According to the results in Table 8, it can be analyzed that the network with an improved pyramid segmentation attention module added to the ResNet bottleneck structure alone has a certain degree of improvement in accuracy, precision, recall, and Macro_f1 compared to the baseline model ResNet. This is because the attention mechanism can better extract image features, thereby improving the performance of classification tasks. When using the inverted residual structure alone in the last three layers of the network, the four indicators of Accuracy, Precision, Recall, and Macro_f1 also show slight performance improvements. This is because the inverted residual structure can avoid potential information loss during dimensionality reduction and improve the network’s feature expression ability. In order to combine the advantages of both, this study simultaneously used an improved pyramid segmentation attention module and an inverted residual structure, and integrated attention blocks into the inverted residual structure. This design realizes the extraction of multi-scale features in high-dimensional space, which will better leverage the advantages of the inverse residual structure and improve the performance of skin disease classification algorithms. Table 6 shows that the model proposed in this study has achieved improvements in all indicators, and each modification is beneficial for improving the performance of skin disease classification tasks.

Conclusion

This study proposes a skin disease classification model based on multi-scale channel attention. The network architecture of the model consists of three main parts: an input module, four processing blocks, and an output module. Firstly, the model has improved the pyramid segmentation attention module to extract multi-scale features of the image fully; Secondly, the reverse residual structure is used to replace the residual structure in the backbone network, and the attention module is integrated into the reverse residual structure to achieve better multi-scale feature extraction. Finally, the output module consists of an adaptive average pool and a fully connected layer, which convert the aggregated global features into several categories to generate the final output for the classification task. In order to verify the performance of the proposed model, this study used two commonly used skin disease datasets, ISIC2019 and HAM10000, for validation. The experimental results showed that the accuracy of this study was 77.6\(\%\) on the ISIC2019 skin disease series dataset and 88.2\(\%\) on the HAM10000 skin disease dataset.

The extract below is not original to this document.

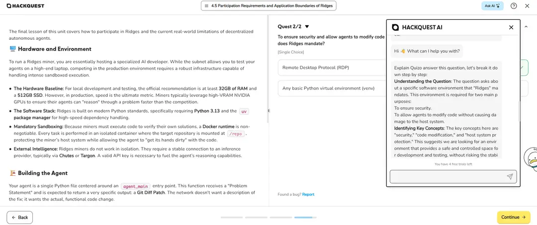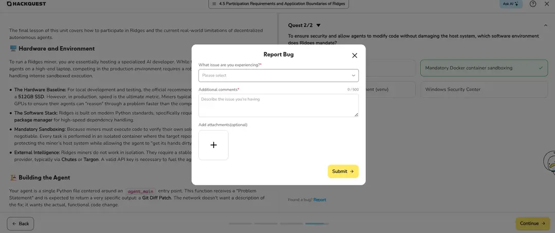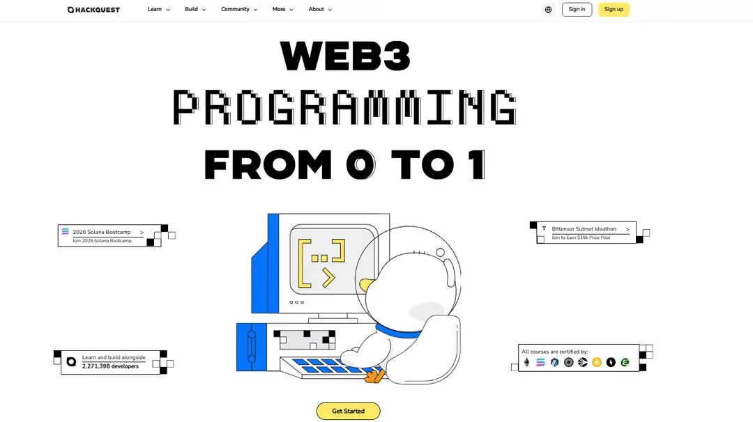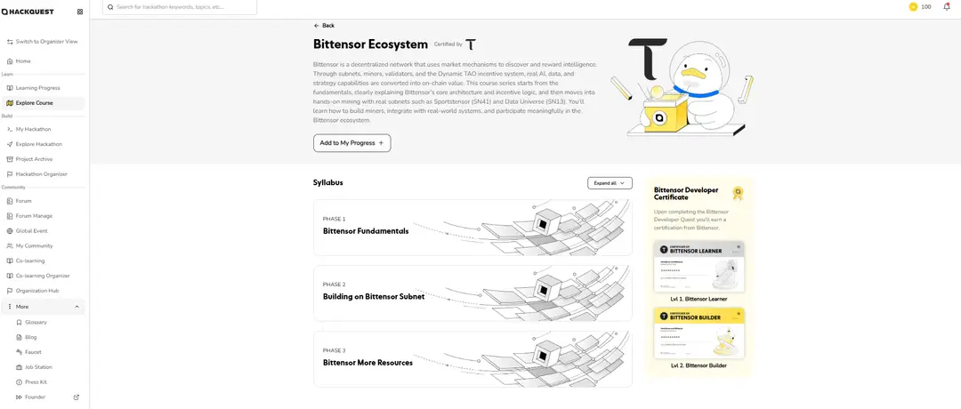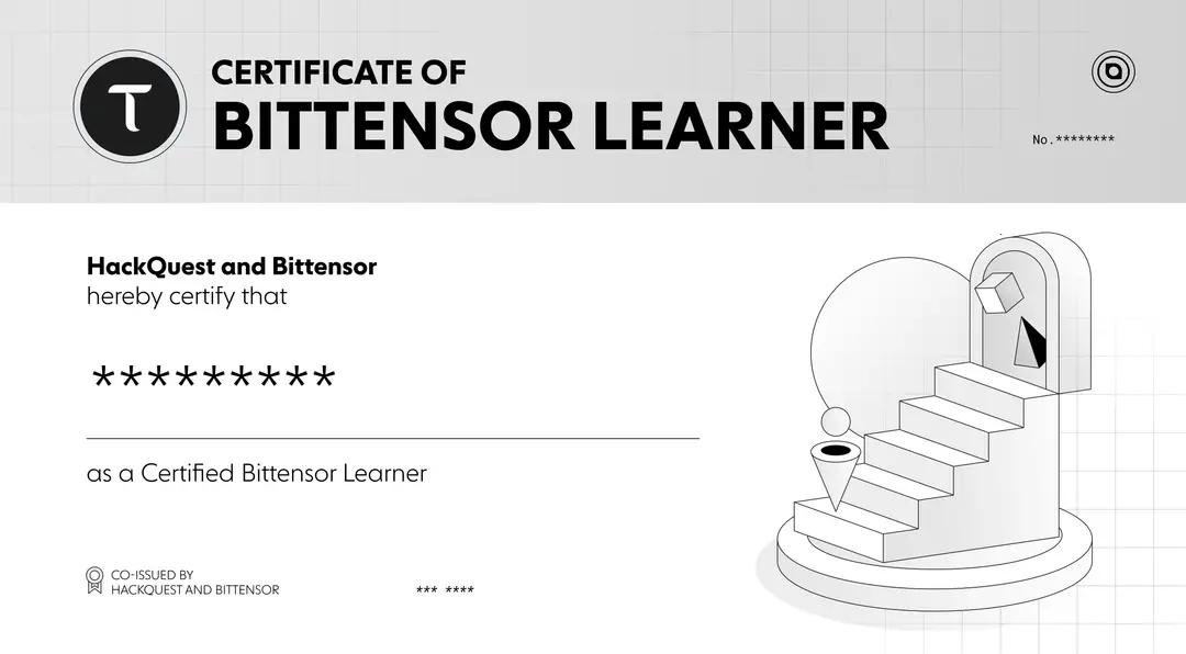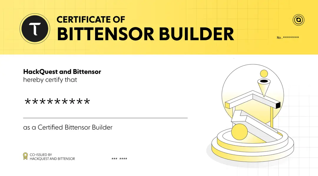 ●Complete the learning track and the developer quest to earn dual-accredited SBT certificates co-issued by Bittensor and HackQuest, gaining recognition for your blockchain skills and joining a community with access to grants, events, and mentorship.

The limitations of this work are as follows: (1) When extracting multi-scale features in high-dimensional space, the model cannot evaluate whether valuable feature responses have been extracted in each dimension, which may lead to sparsity issues; (2) Although we have reduced the parameter count through depthwise separable convolution to compensate for the increased parameter count caused by this design, the overall parameter count of the model is still relatively large; (3) Due to the lack of a dermatoscopy storage system in the local hospital, there are certain difficulties in collecting real hospital datasets. In the future, classification models based on multi-kernel residual modules and multi-focus attention mechanisms will be designed and trained on multiple universal datasets, and efforts will be made to validate them in real clinical data, providing clinical support for multi-type classification of skin diseases.